---------- Records supplied ----------
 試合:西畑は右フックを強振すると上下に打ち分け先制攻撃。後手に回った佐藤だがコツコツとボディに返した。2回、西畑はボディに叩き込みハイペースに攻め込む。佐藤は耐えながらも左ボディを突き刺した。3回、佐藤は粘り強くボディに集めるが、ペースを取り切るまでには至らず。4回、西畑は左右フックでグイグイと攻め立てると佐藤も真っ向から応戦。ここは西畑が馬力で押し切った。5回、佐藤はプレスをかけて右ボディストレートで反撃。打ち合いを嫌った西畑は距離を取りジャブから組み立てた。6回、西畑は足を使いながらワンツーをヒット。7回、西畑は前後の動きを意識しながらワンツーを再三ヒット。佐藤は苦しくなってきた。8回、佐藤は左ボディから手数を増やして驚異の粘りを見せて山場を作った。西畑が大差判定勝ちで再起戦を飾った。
----------
---------- Records supplied ----------
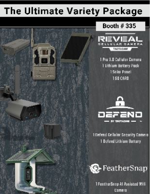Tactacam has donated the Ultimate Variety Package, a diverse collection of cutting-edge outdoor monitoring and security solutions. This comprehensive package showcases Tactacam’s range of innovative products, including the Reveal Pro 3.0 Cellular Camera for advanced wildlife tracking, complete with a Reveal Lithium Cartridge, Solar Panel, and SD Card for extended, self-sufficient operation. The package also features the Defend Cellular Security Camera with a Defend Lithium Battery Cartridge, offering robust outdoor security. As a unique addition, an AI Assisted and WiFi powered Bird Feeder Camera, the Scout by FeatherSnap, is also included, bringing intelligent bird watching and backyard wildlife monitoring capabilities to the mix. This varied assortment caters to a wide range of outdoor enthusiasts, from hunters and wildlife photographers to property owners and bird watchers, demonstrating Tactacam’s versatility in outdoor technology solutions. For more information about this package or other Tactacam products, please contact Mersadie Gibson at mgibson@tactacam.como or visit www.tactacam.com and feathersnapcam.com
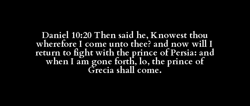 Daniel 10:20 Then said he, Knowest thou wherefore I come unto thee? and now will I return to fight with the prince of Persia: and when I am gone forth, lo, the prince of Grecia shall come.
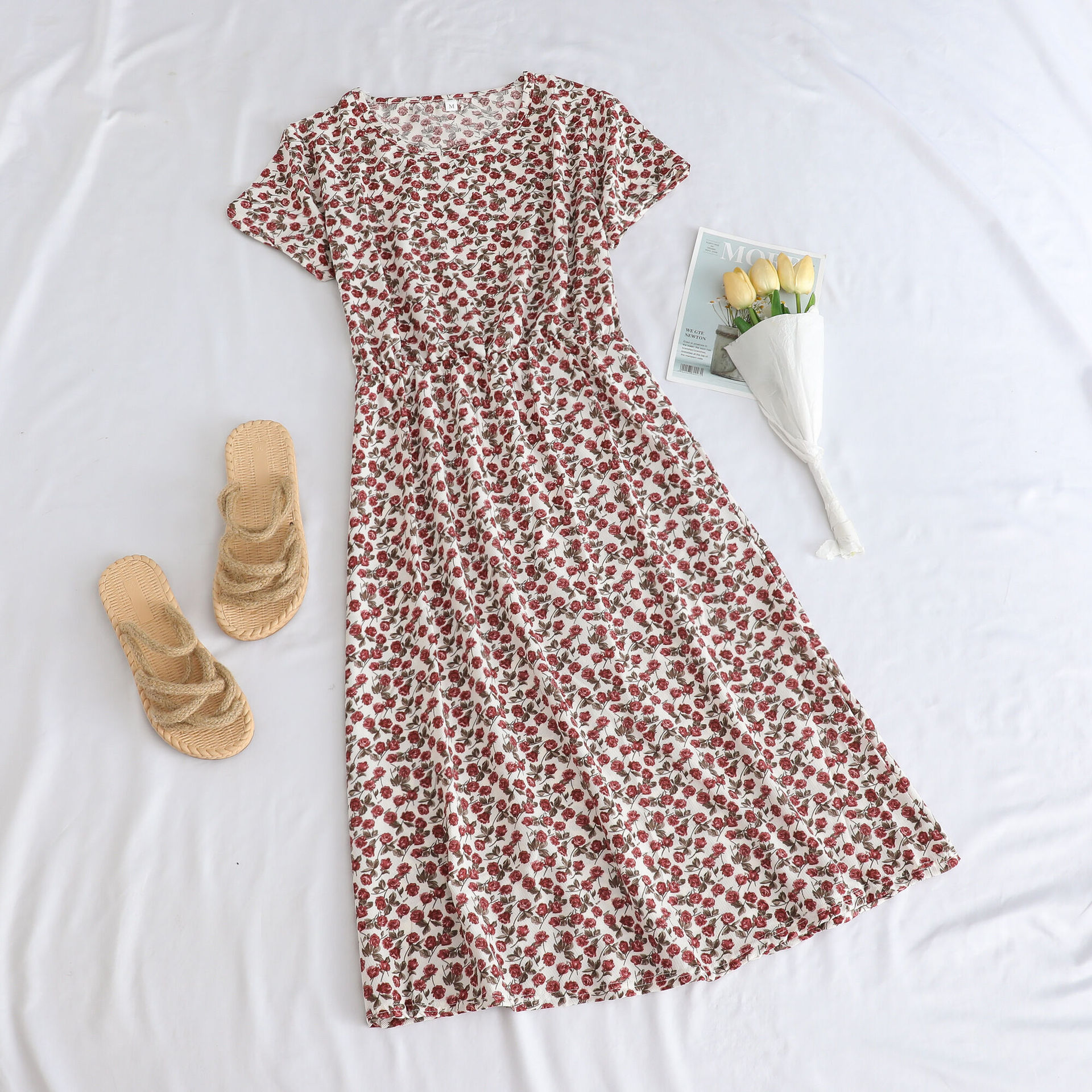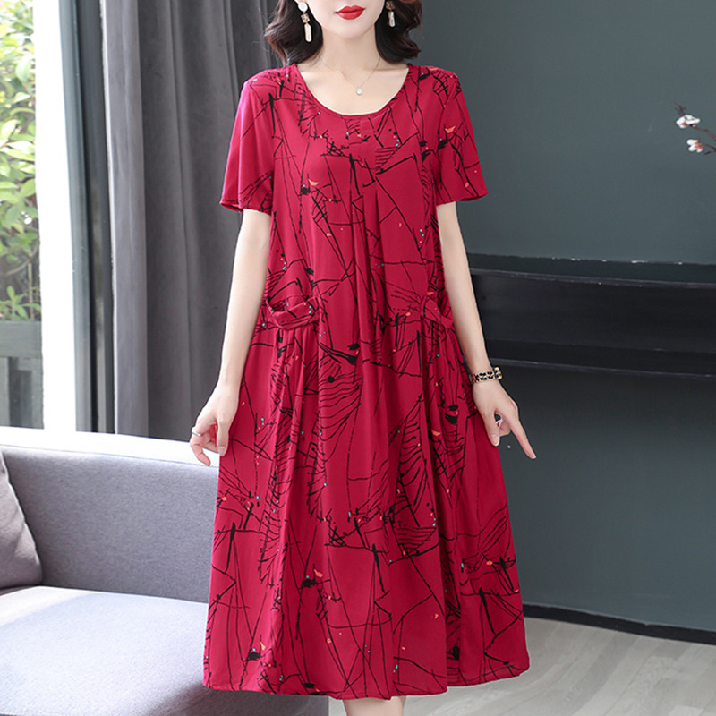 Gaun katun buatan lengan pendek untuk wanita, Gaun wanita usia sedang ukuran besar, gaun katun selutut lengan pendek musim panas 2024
----------
In the listing above, find the line with "Daniel 10:20 Then" and output it and every line after it up to and including the line with "Gaun katun buatan", exactly, minus the pictures.

**Exercise output:**
 Daniel 10:20 Then said he, Knowest thou wherefore I come unto thee? and now will I return to fight with the prince of Persia: and when I am gone forth, lo, the prince of Grecia shall come.
 Gaun katun buatan lengan pendek untuk wanita, Gaun wanita usia sedang ukuran besar, gaun katun selutut lengan pendek musim panas 2024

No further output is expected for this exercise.